Our laboratory studies the molecular machinery used by cells to interpret extracellular signals and transduce them to the nucleus to effect changes in gene expression. This process is of fundamental biological importance. The accurate response to extracellular signals results in a cell's decision to proliferate, differentiate, or die, and it is critical for normal development and physiology. The disregulation of this machinery underlies the unwarranted expansion or destruction of cell numbers that occurs in human diseases like cancer, autoimmunity, hyperinflammatory states, and neurodegenerative disease.

Currently, we study signaling pathways that are important in innate immunity, adaptive immunity, and in cancer, paying particular attention to pathways that regulate the activity of the pleiotropic transcription factor NF-kB. We are interested in these broad questions:

• What are the biochemical mechanisms of signal transduction?
• How is the input-output specificity determined so that each particular ligand or extracellular cue induces the appropriate cellular response?
• How does the molecular specificity at the atomic level underlie biological specificity at the organismal level?
• How are signaling pathways disregulated in human disease and can we use this knowledge to develop new therapeutics?
• Can we use our understanding of signaling mechanisms to design novel, artificial signaling circuits for research and therapeutic purposes, for example, to control cell fate?

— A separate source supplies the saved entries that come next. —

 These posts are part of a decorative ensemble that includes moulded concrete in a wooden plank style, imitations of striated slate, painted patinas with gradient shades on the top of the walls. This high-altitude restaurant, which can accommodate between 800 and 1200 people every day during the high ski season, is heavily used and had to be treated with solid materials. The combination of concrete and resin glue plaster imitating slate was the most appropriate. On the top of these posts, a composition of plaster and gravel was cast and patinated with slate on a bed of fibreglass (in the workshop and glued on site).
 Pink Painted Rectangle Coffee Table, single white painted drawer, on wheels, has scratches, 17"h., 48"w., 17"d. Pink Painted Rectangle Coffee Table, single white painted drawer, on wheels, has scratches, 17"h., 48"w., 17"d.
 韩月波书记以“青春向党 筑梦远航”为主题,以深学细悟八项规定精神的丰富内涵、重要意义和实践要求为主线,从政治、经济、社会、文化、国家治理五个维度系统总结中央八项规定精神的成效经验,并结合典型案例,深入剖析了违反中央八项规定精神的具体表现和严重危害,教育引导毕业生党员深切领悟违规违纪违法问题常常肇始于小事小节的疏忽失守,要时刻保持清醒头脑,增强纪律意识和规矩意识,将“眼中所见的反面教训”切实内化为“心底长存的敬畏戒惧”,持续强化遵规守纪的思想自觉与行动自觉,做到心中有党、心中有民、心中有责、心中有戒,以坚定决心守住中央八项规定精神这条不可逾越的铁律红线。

Examples of current projects:

The biochemistry of antigen receptor signaling in B and T lymphocytes.
The activation of NF-kB by antigen receptor engagement is a critical requirement for the activation of lymphocytes in the adaptive immune response. Using a novel expression cloning strategy designed to isolate molecules that signal to NF-kB in lymphocytes, we cloned CARD11, a multiprotein adaptor molecule and member of the MAGUK family of signaling proteins. We demonstrated that CARD11 plays a pathway-specific, factor-specific role in the activation of NF-kB downstream of T cell receptor signaling (Pomerantz, Denny, and Baltimore, 2002). We are currently investigating the biochemical mechanisms by which CARD11 transduces signals from the T cell receptor to NF-kB.

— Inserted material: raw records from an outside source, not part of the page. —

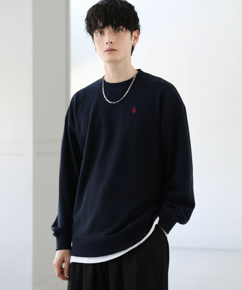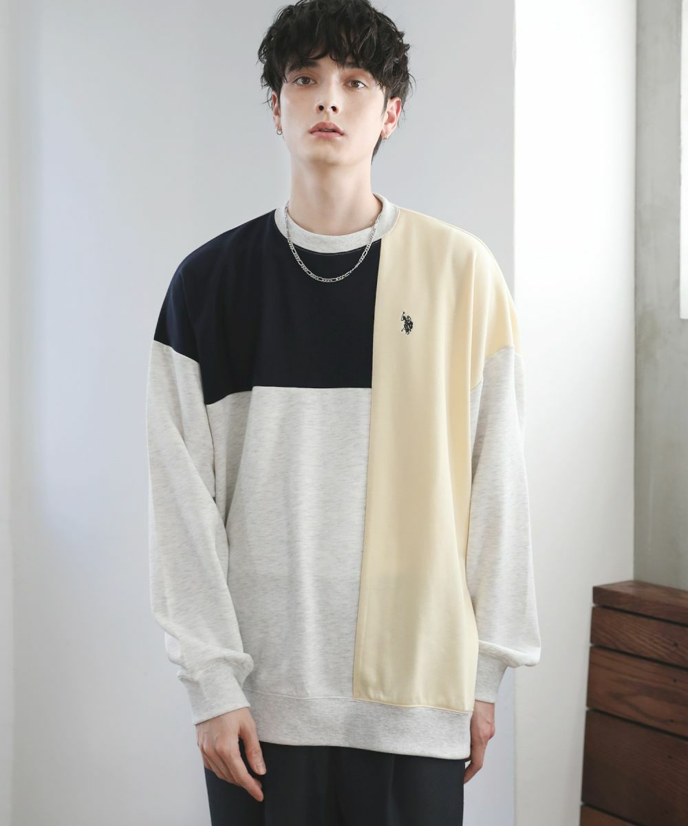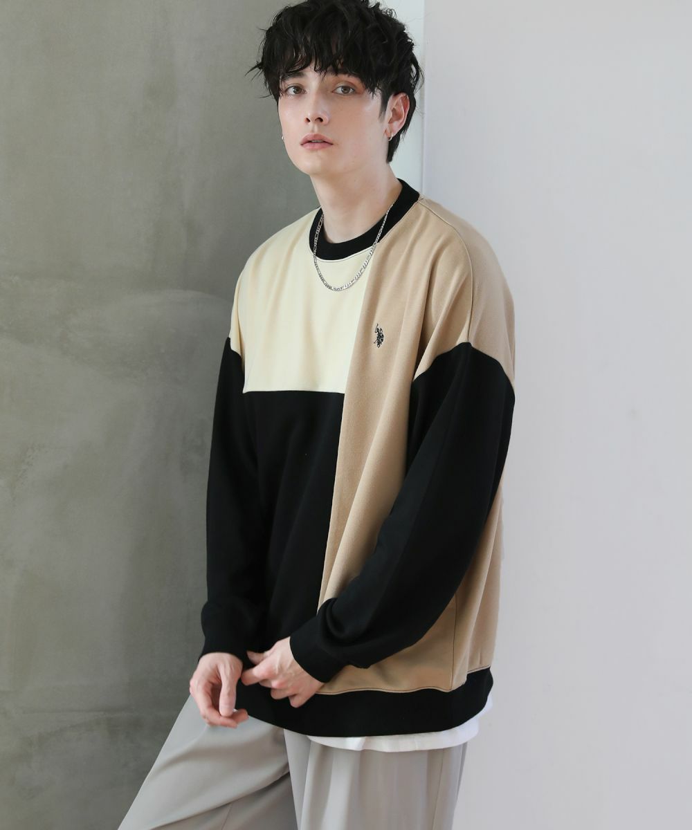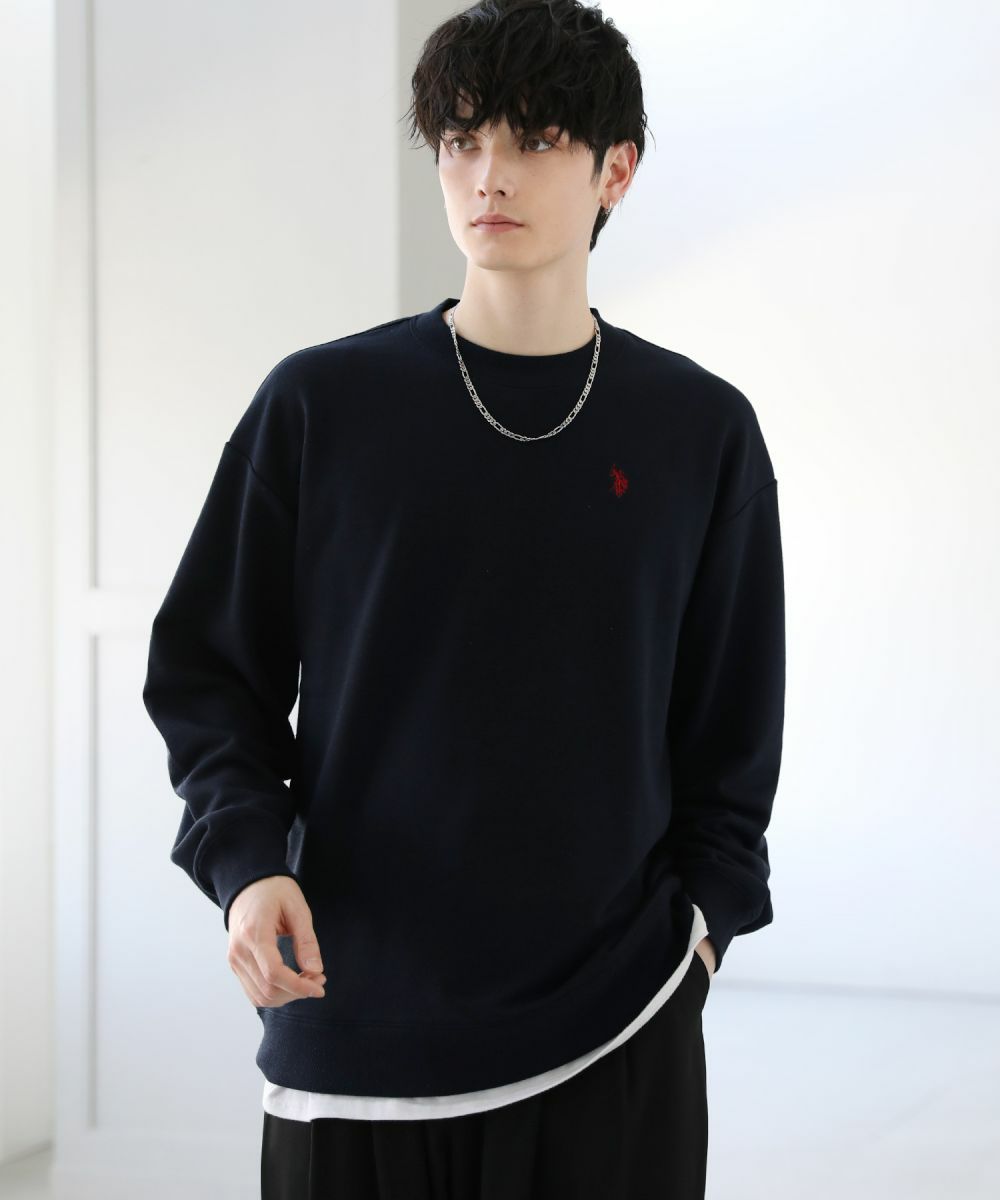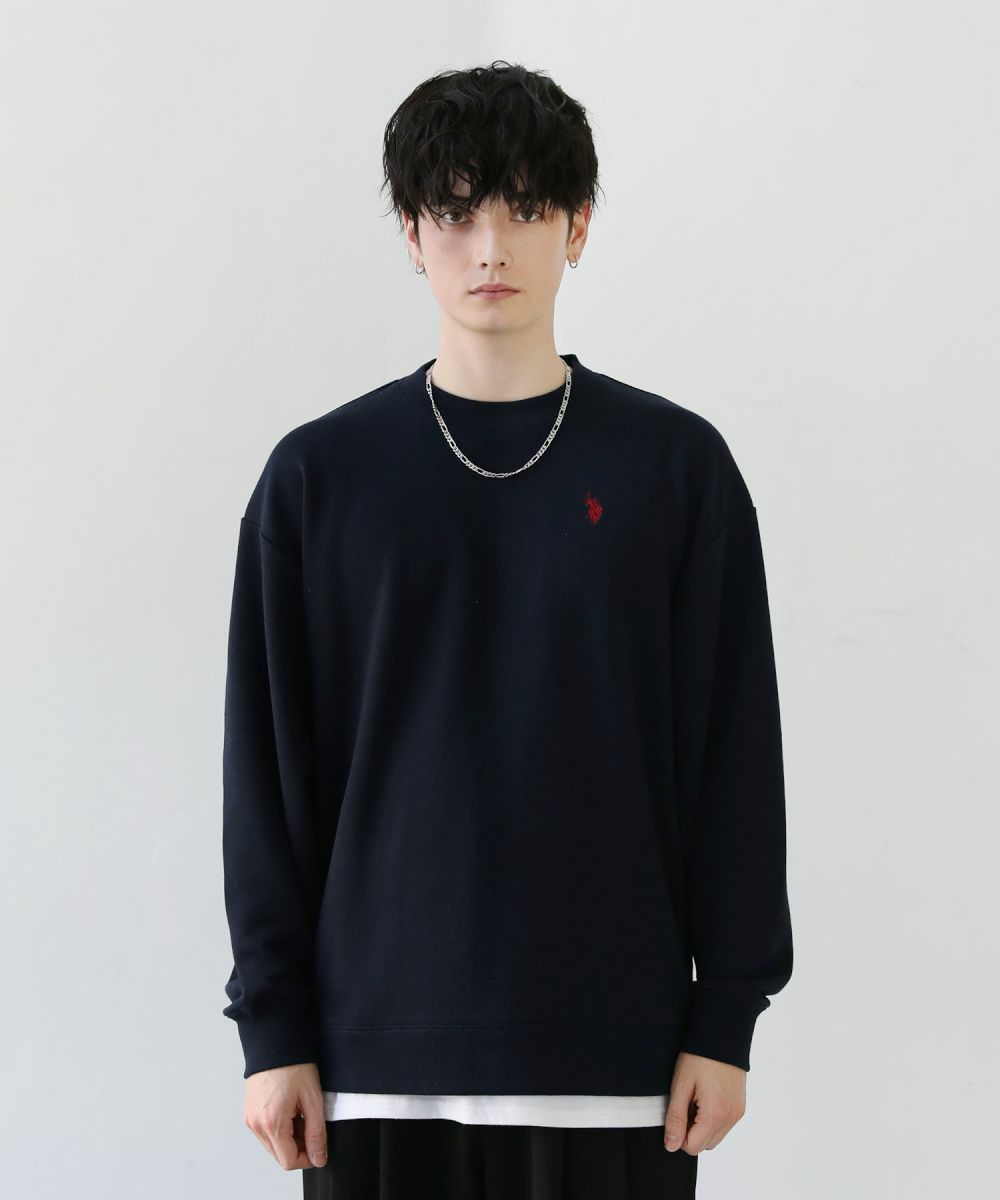 U.S. POLO ASSN. 別注 裏毛ワンポイントロゴクルーネックスウェット 配色
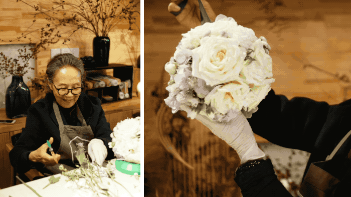 她喜欢学习新知识,在北京报了一个插花的班,竹子、麻绳编织的花器,插花小老师教一款,她就学一款。闲的时候一个月去四次,有时候一年才去一次,但是“一看见那些花,就会很开心。”
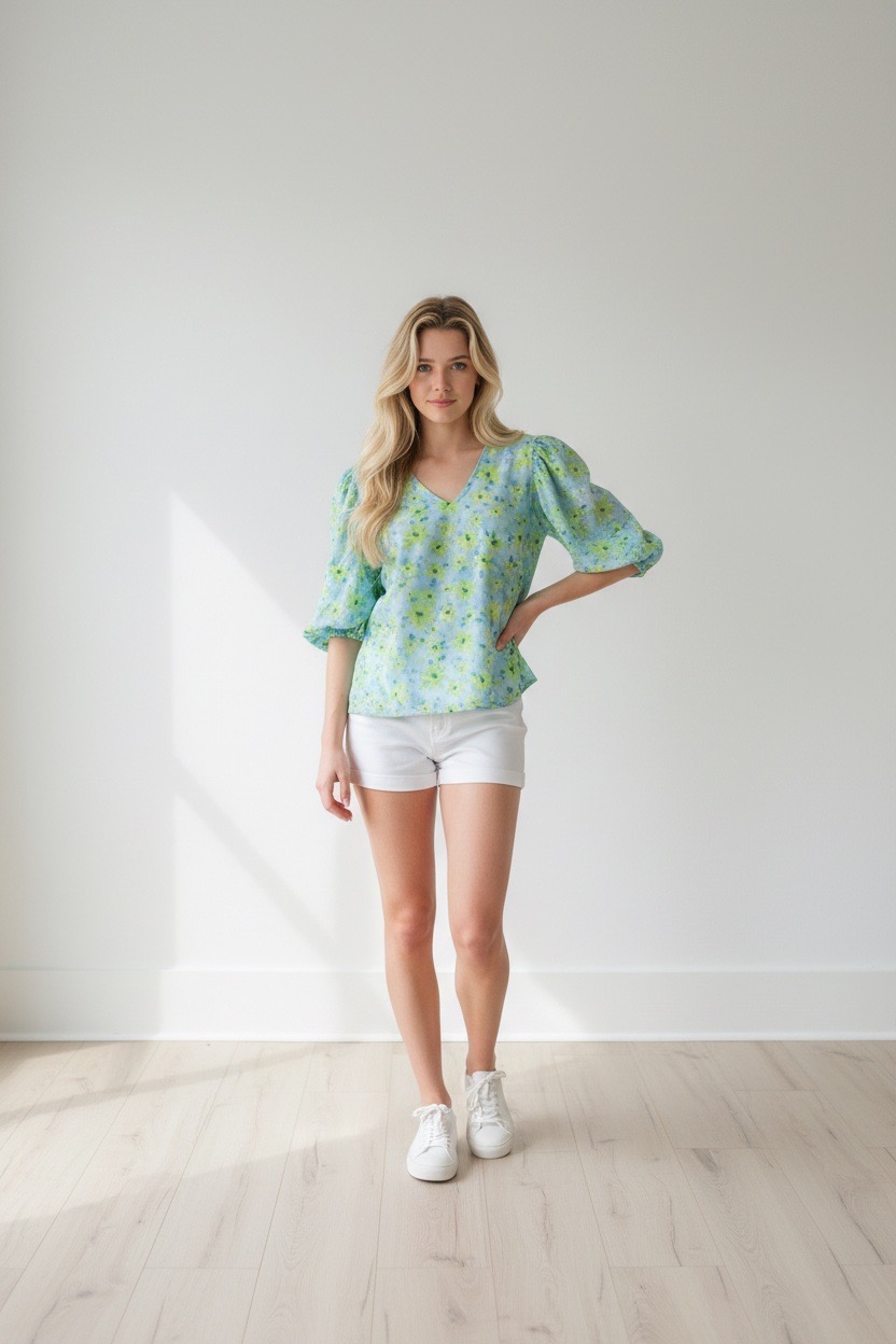 Free/quent - Blouse - Blauw-groen

Expression cloning of signaling molecules that regulate NF-kB, NFAT, and other transcription factors.
We have used our expression cloning strategy (Pomerantz, Denny, and Baltimore, 2002) to clone several novel signaling molecules that signal the activation of the NF-kB or NFAT transcription factors. We will study their biological roles and characterize their mechanisms of action. We are also investigating whether our protocol is adaptable for the isolation of signaling molecules that regulate other transcription factors that influence the decision to proliferate, differentiate, or die, and that are disregulated in human disease.

Design of novel signal transduction pathways for cell engineering.
We are interested in testing our understanding of signal transduction by applying mechanistic insights toward the design of novel artificial cellular circuits. Our goal is to develop heterologous circuitry that would provide new tools for controlling gene expression to be used in biological research and to engineer cell fate decisions in novel therapeutic approaches.